In the early 1980s, in an old office building, the first Buddhist meditation center was established in Halifax, Nova Scotia, on Barrington Street. For a public reception and talk, Chogyam Trungpa calligraphed the words “I am here, Mukpo” (his family name) on a wall.
When the group moved, his students took two of the calligraphed wallboard panels with them (the first panel was structural), to their new centre on Tower Road. In the mid 1980s, members of the Buddhist community who moved to Halifax, would sign the back of the calligraphy with the date of their arrival.

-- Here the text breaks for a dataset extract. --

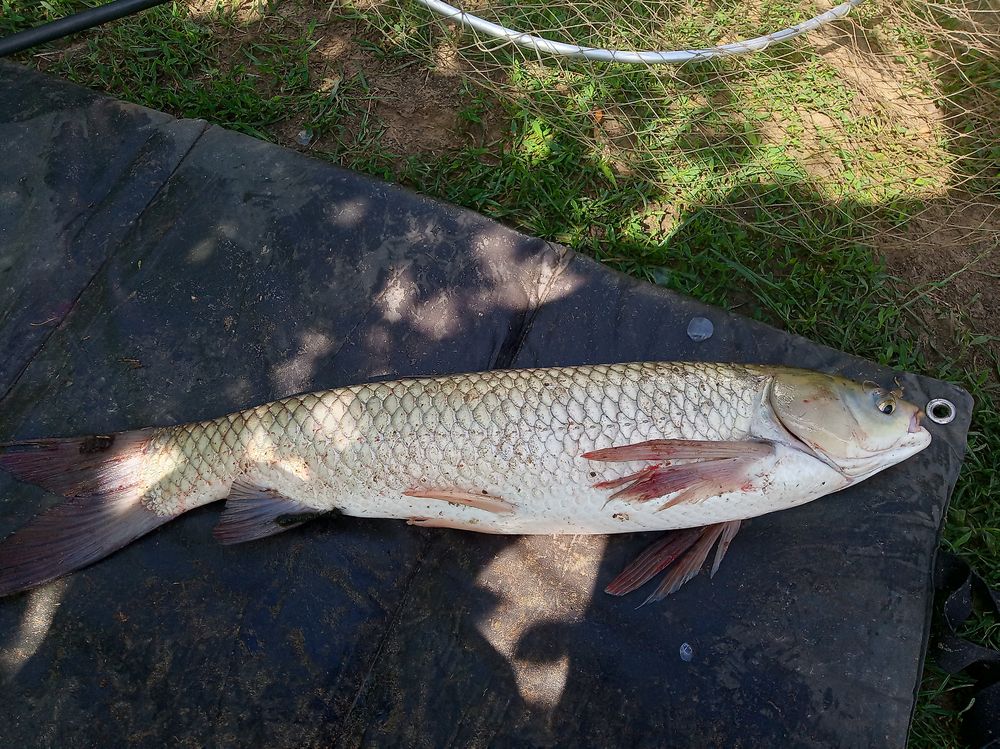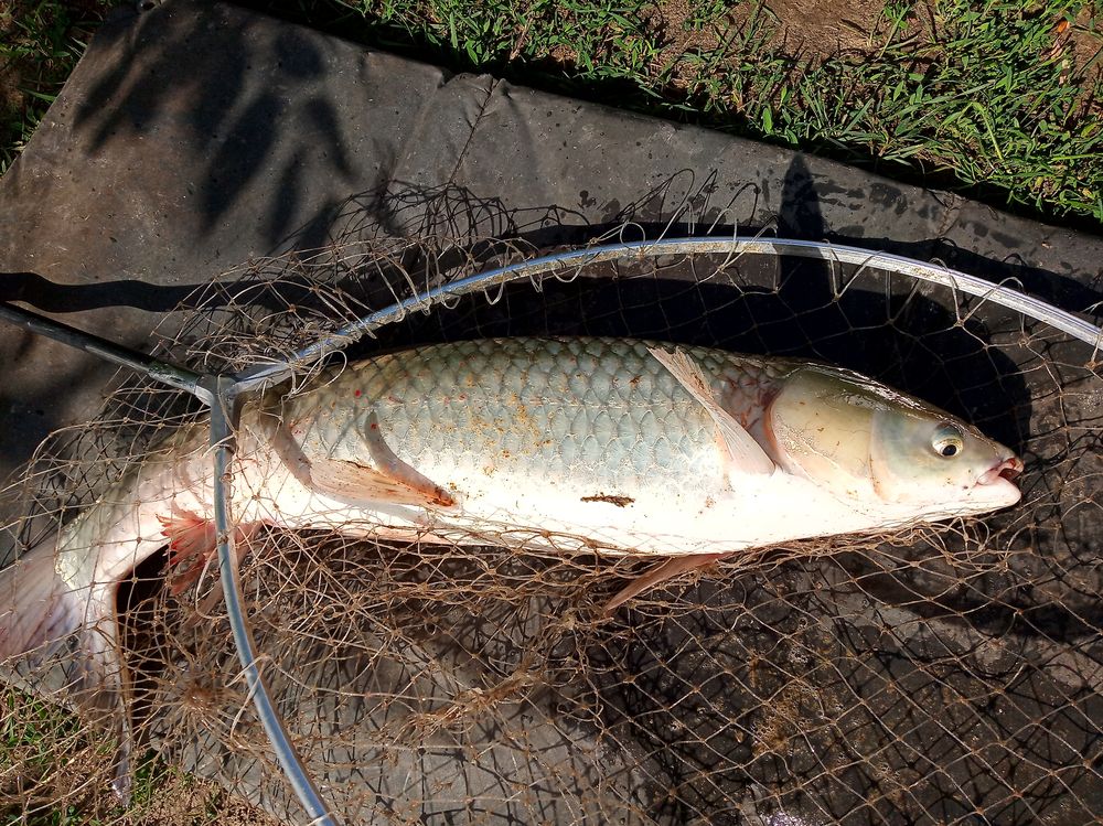 Megint recseg a félredobott botom, most amurt fárasztok, még a szákból is kimenekül egyszer így kétszer szákolt amurt fotózok.

When The Canadian Museum of Immigration at Pier 21 wanted to include the entire calligraphy in an exhibit, Ann Shaftel and her team re-created the lost first panel. Following the exhibition, the calligraphy, large and vulnerable, was moved to an elementary school, then into storage, and then to a new Buddhist center where it went into storage until recently installed in a reception room.
Conservation and Creation: “I am here Mukpo” Calligraphy will be held on 26 April at 16:00 Eastern Standard Time. The presentation will be about 45 minutes, including Q&A.
Donations for this presentation will go directly to ongoing conservation work with Buddhist monasteries and their communities, and for Treasure Caretaker Training, a free preservation resource with practical information on digital documentation, risk assessment, disaster recovery, safer storage, and preservation of thangkas and other treasures.
Ann Shaftel is a Fellow of the International Institute for Conservation, a Fellow of the American Institute for Conservation, and a member of the Canadian Association of Professional Conservators, ICOM AND ICOMOS. Ann works internationally in museums, universities, Dharma centers, monasteries, and their communities. She directs the registered non-profit Treasure Caretaker Training, and has researched and worked in monasteries and museums since 1970.